This morning I’ve been in a great mood. I’ve felt light, happy, energetic and positive and then my Dad turned up for a visit with a woman that he’s been seeing for about the past year or so and is about to move in with next week and my energy levels changed completely. This is the first time I’ve met Sophie, my sisters have all met her several times which strikes me as a little odd, and within minutes of meeting her, I felt anxious for her and her future.
Dad, as usual, took centre stage. Everything was all about him; his health, his work, his future, his feelings. Every time she spoke he either discredited her words with a putdown of some kind or he ignored what she said. Dad hasn’t changed one bit and I fear that the woman that I’ve just met won’t be the woman I encounter in a few months times when they’ve lived together a while. I feel as though my Dad’s energy has drained me like a leech. I hate the way he treats women as second-class citizens. He talks down to and them and doesn’t listen to anything they say as though his opinion is always better.

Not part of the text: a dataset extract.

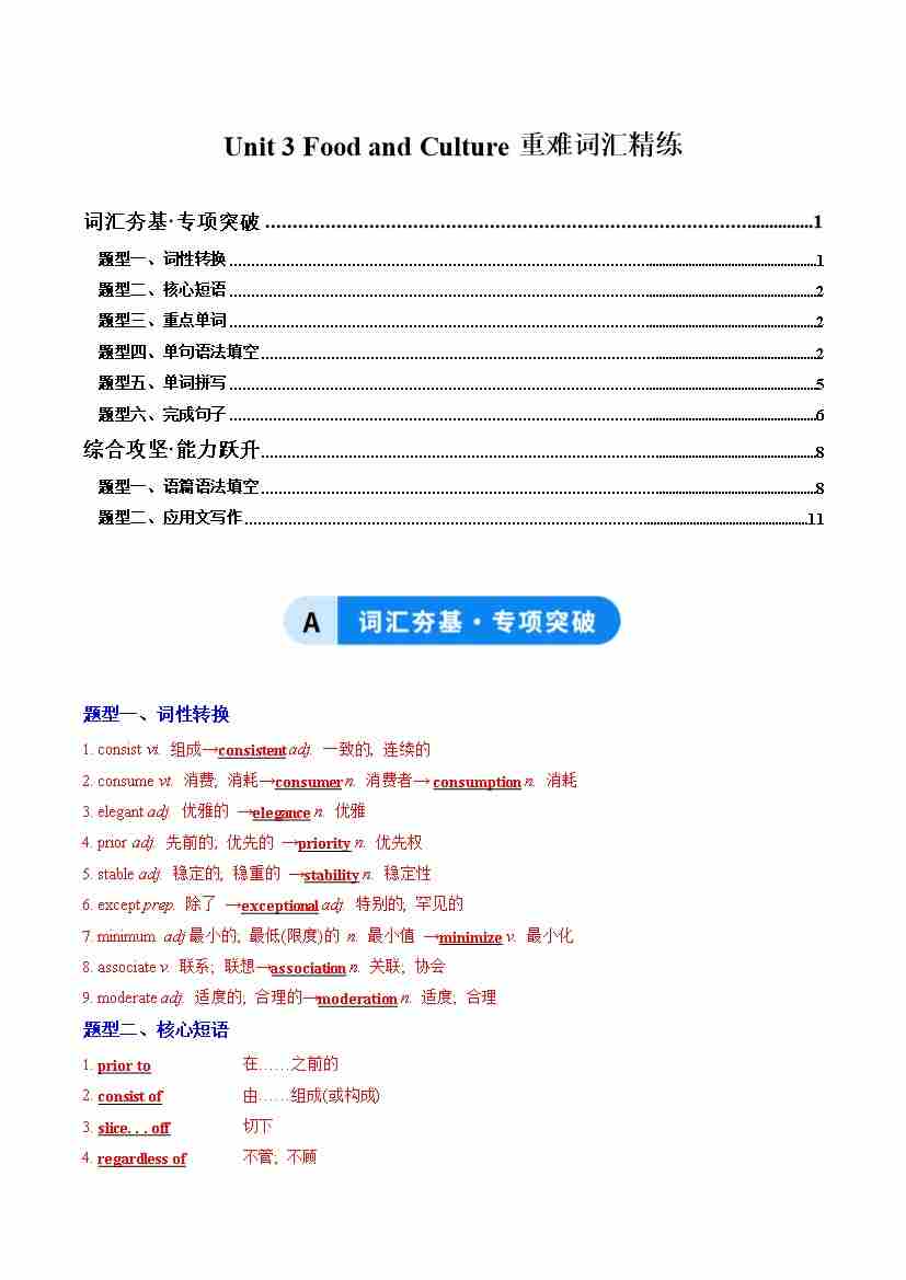 Unit 3 Food and Culture(重难词汇精练)(教师版)

The more I see the true father I have the more I realise that there was no wonder that I attracted similar into my life with Tom and the more I see of the both of them, the more the odds increase of me staying single for the rest of my life. I no longer think it’s worth it. I no longer trust men enough to let one into my life, romantically. I am at my happiest with my kids, my nieces and nephews and my friends and that’s the way it’s going to stay, I think.